• Extracted material:
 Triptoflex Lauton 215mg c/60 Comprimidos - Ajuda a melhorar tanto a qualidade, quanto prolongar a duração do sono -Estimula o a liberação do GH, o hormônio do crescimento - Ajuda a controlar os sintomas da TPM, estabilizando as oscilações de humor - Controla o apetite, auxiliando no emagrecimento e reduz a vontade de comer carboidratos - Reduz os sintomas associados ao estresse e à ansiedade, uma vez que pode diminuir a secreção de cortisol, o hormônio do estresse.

---

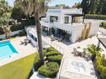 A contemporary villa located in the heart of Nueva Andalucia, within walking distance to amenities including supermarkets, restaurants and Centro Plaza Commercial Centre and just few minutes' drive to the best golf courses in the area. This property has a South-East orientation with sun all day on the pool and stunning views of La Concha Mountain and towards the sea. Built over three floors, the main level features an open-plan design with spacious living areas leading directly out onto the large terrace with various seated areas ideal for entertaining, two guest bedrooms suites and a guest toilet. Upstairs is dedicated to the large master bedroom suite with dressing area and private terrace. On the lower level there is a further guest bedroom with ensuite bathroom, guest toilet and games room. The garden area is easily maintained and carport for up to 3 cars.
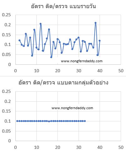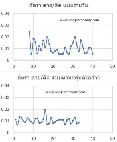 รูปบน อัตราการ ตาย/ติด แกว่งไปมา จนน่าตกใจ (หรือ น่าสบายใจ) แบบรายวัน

• Task to carry out:
The lines to copy exactly start with the line above that has "A contemporary villa" and go on through the line that has "รูปบน อัตราการ ตาย/ติด"; please include both, add nothing else, and omit the pictures.

• Output for this task:
 A contemporary villa located in the heart of Nueva Andalucia, within walking distance to amenities including supermarkets, restaurants and Centro Plaza Commercial Centre and just few minutes' drive to the best golf courses in the area. This property has a South-East orientation with sun all day on the pool and stunning views of La Concha Mountain and towards the sea. Built over three floors, the main level features an open-plan design with spacious living areas leading directly out onto the large terrace with various seated areas ideal for entertaining, two guest bedrooms suites and a guest toilet. Upstairs is dedicated to the large master bedroom suite with dressing area and private terrace. On the lower level there is a further guest bedroom with ensuite bathroom, guest toilet and games room. The garden area is easily maintained and carport for up to 3 cars.
 รูปบน อัตราการ ตาย/ติด แกว่งไปมา จนน่าตกใจ (หรือ น่าสบายใจ) แบบรายวัน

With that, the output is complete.